> **YOUR TASK**
Range to repeat from the listing below: the line containing "4. 在私有隧道中填写A服务" down to the line containing "Những cô dâu", both included. Copy it exactly, pictures excluded, and add nothing else.

━━━ AVAILABLE RECORDS

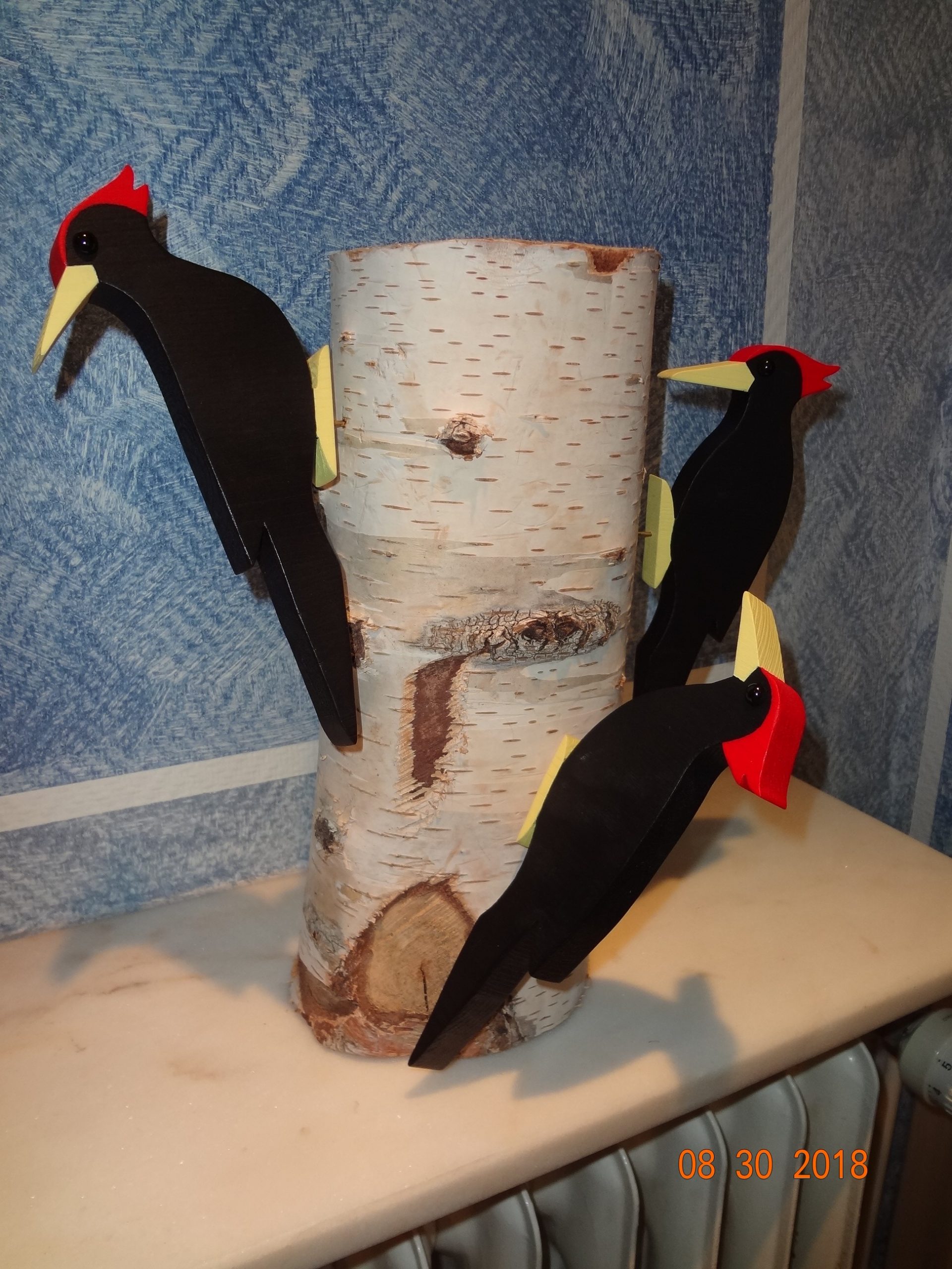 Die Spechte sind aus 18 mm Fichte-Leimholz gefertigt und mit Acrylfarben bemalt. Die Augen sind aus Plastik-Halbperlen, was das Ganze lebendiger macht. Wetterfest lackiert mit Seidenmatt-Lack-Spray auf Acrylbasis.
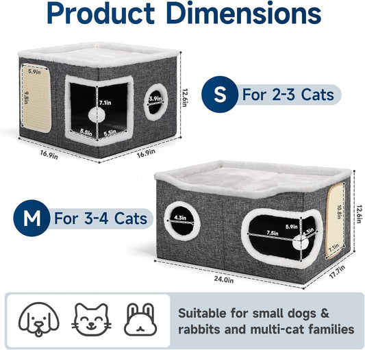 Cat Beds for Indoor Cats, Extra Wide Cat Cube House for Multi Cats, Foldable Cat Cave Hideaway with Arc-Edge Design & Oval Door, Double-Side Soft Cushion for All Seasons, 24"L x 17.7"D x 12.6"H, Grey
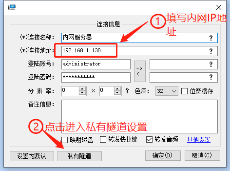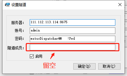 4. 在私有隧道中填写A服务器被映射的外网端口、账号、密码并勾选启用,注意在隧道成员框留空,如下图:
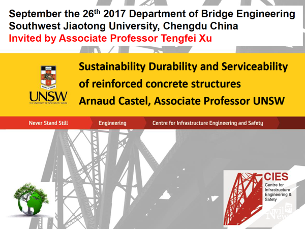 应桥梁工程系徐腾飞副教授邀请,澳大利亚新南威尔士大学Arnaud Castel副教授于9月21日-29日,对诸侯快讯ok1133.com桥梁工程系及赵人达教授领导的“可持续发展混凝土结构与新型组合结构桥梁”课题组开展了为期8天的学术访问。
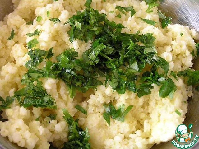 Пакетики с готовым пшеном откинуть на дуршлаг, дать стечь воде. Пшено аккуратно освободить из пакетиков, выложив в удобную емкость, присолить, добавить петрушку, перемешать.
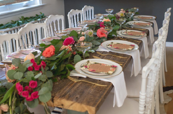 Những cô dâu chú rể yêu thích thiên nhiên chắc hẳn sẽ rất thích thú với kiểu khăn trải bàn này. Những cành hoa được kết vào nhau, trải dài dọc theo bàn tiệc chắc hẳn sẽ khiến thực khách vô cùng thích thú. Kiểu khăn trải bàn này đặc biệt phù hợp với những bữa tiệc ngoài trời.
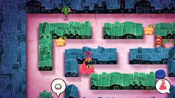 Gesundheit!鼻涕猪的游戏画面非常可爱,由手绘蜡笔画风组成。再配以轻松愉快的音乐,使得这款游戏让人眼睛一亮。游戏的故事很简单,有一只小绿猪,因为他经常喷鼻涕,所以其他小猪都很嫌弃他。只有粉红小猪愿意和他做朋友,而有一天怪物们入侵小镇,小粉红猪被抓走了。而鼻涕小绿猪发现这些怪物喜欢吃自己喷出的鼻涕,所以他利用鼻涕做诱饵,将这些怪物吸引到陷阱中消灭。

━━━━━━
━━━ AVAILABLE RECORDS

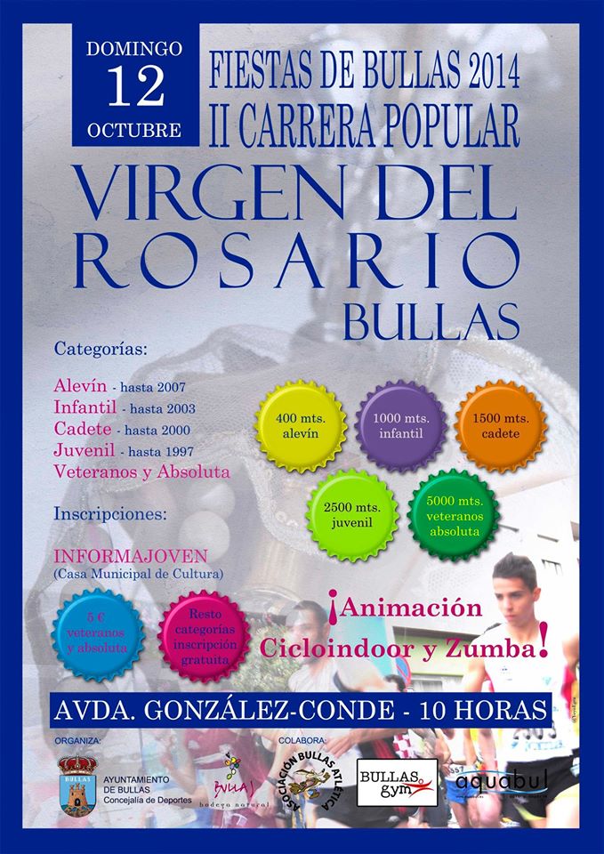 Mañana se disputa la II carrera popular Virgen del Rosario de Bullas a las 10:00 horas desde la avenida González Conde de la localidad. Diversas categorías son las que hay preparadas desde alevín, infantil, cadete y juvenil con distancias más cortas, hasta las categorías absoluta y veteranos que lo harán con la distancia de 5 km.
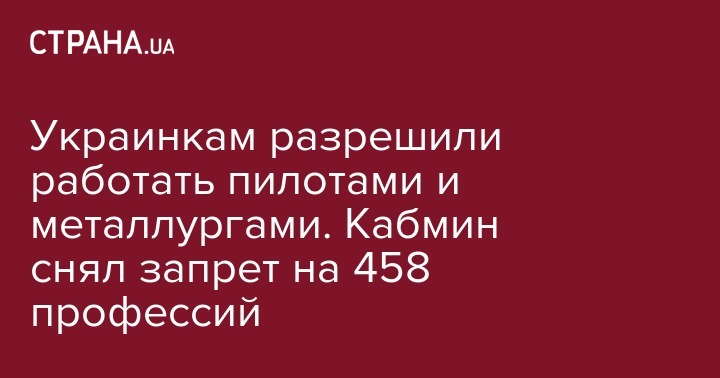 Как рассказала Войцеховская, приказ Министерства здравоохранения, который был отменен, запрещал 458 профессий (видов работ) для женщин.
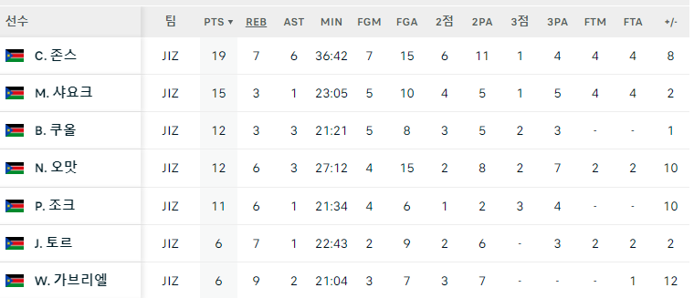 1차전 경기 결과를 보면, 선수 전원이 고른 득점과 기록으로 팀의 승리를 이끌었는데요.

━━━━━━
━━━ AVAILABLE RECORDS

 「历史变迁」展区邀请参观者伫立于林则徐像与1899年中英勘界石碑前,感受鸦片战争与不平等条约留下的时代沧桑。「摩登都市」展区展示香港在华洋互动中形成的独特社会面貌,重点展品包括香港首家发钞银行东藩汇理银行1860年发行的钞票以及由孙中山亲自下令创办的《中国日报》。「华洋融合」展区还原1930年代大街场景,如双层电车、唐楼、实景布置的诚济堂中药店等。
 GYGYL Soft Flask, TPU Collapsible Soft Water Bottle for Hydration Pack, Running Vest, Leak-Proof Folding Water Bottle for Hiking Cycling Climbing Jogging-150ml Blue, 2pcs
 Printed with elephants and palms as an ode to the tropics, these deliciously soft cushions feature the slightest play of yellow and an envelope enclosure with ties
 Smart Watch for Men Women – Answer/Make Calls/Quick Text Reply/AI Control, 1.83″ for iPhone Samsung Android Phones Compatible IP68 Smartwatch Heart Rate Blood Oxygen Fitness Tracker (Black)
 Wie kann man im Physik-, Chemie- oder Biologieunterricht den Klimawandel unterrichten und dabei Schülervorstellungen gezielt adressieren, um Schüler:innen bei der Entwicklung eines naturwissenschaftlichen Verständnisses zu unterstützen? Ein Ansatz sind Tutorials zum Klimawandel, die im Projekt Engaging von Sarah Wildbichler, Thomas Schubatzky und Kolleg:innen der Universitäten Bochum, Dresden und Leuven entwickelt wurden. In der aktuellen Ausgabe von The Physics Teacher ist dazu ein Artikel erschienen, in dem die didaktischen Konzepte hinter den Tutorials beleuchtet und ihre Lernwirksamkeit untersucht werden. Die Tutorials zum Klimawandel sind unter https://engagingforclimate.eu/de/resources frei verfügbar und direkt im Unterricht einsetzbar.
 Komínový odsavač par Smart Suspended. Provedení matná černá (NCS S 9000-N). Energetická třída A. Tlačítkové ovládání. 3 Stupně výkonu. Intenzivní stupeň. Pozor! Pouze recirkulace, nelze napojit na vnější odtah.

━━━━━━

> **EXERCISE ANSWER**
 4. 在私有隧道中填写A服务器被映射的外网端口、账号、密码并勾选启用,注意在隧道成员框留空,如下图:
 应桥梁工程系徐腾飞副教授邀请,澳大利亚新南威尔士大学Arnaud Castel副教授于9月21日-29日,对诸侯快讯ok1133.com桥梁工程系及赵人达教授领导的“可持续发展混凝土结构与新型组合结构桥梁”课题组开展了为期8天的学术访问。
 Пакетики с готовым пшеном откинуть на дуршлаг, дать стечь воде. Пшено аккуратно освободить из пакетиков, выложив в удобную емкость, присолить, добавить петрушку, перемешать.
 Những cô dâu chú rể yêu thích thiên nhiên chắc hẳn sẽ rất thích thú với kiểu khăn trải bàn này. Những cành hoa được kết vào nhau, trải dài dọc theo bàn tiệc chắc hẳn sẽ khiến thực khách vô cùng thích thú. Kiểu khăn trải bàn này đặc biệt phù hợp với những bữa tiệc ngoài trời.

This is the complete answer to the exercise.